Les causes importantes de l'hypertension pulmonaire ne sont pas identifiées. L'hypertension artérielle pulmonaire primitive est une maladie rare dont l'étiologie est inconnue. On suppose que des facteurs tels que les maladies auto-immunes (lupus érythémateux systémique, sclérodermie, polyarthrite rhumatoïde), les antécédents familiaux et les contraceptifs oraux sont liés à sa survenue.

Dans le développement de l'hypertension pulmonaire secondaire, de nombreuses maladies et anomalies du cœur, des vaisseaux sanguins et des poumons peuvent jouer un rôle. Le plus souvent, l'hypertension artérielle pulmonaire secondaire résulte d'une insuffisance cardiaque congestive, d'une sténose mitrale, d'une anomalie septale auriculaire, d'une bronchopneumopathie chronique obstructive, d'une thrombose veineuse pulmonaire et de branches d'artère pulmonaire, d'une hypoventilation pulmonaire, d'une coronaropathie, d'une myocardite, d'une myocardite, d'une cirrhose du foie, etc. est plus élevé chez les patients infectés par le VIH, les toxicomanes, les personnes qui prennent des coupe-faim. De manière différente, chacune de ces conditions peut entraîner une augmentation de la pression artérielle dans l'artère pulmonaire.

Le développement de l'hypertension pulmonaire est précédé par un rétrécissement progressif de la lumière de petites et moyennes branches vasculaires du système de l'artère pulmonaire (capillaires, artérioles) en raison de l'épaississement de la choroïde interne - endothélium. En cas d'atteinte sévère de l'artère pulmonaire, une destruction inflammatoire de la couche musculaire de la paroi vasculaire est possible. Les dommages aux parois des vaisseaux sanguins entraînent le développement d'une thrombose chronique et d'une oblitération vasculaire.

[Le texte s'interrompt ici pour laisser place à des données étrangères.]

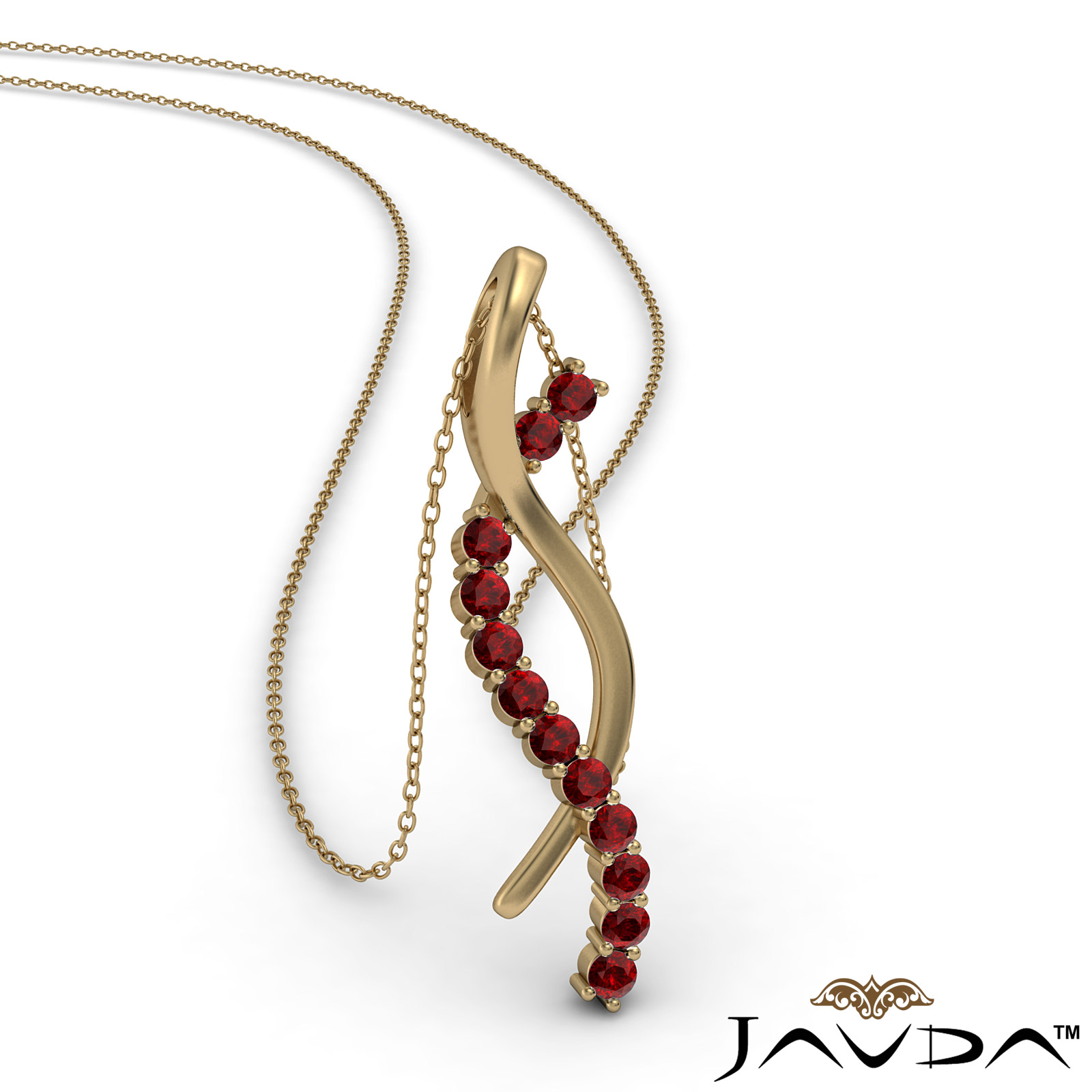 A stunning twisted ribbon ruby gemstone pendant necklace made in 18k Gold Yellow. This striking pendant design features round ruby in a prong setting diamond lined ribbons twisting with polished ribbons.

Ces modifications dans le lit vasculaire pulmonaire provoquent une augmentation progressive de la pression intravasculaire, c'est-à-dire une hypertension pulmonaire. L'augmentation constante de la pression artérielle dans le lit de l'artère pulmonaire augmente la charge sur le ventricule droit, provoquant une hypertrophie de ses parois. La progression de l'hypertension artérielle pulmonaire entraîne une diminution de la capacité contractile du ventricule droit et sa décompensation - une insuffisance cardiaque ventriculaire droite (cœur pulmonaire) se développe.

Symptômes de l'hypertension pulmonaire

Au stade de la compensation, l'hypertension artérielle pulmonaire peut être asymptomatique, c'est pourquoi la maladie est souvent diagnostiquée sous des formes sévères. Les manifestations initiales de l'hypertension pulmonaire sont notées avec une augmentation de la pression dans le système artère pulmonaire de 2 fois ou plus par rapport à la norme physiologique.

Avec le développement de l'hypertension pulmonaire, essoufflement inexpliqué, perte de poids, fatigue pendant l'activité physique, palpitations, toux, voix enrouée apparaissent. Relativement tôt dans la clinique de l'hypertension pulmonaire, des vertiges et des évanouissements peuvent survenir en raison d'un trouble du rythme cardiaque ou du développement d'une hypoxie cérébrale aiguë. L'hémoptysie, des douleurs thoraciques, un gonflement des jambes et des pieds, des douleurs dans le foie sont des manifestations ultérieures de l'hypertension pulmonaire.

La faible spécificité des symptômes de l'hypertension artérielle pulmonaire ne permet pas un diagnostic basé sur des plaintes subjectives. La complication la plus fréquente de l'hypertension artérielle pulmonaire est l'insuffisance cardiaque ventriculaire droite, accompagnée d'un trouble du rythme du rythme, la fibrillation auriculaire. Dans les stades sévères de l'hypertension artérielle pulmonaire, une thrombose artériole pulmonaire se développe.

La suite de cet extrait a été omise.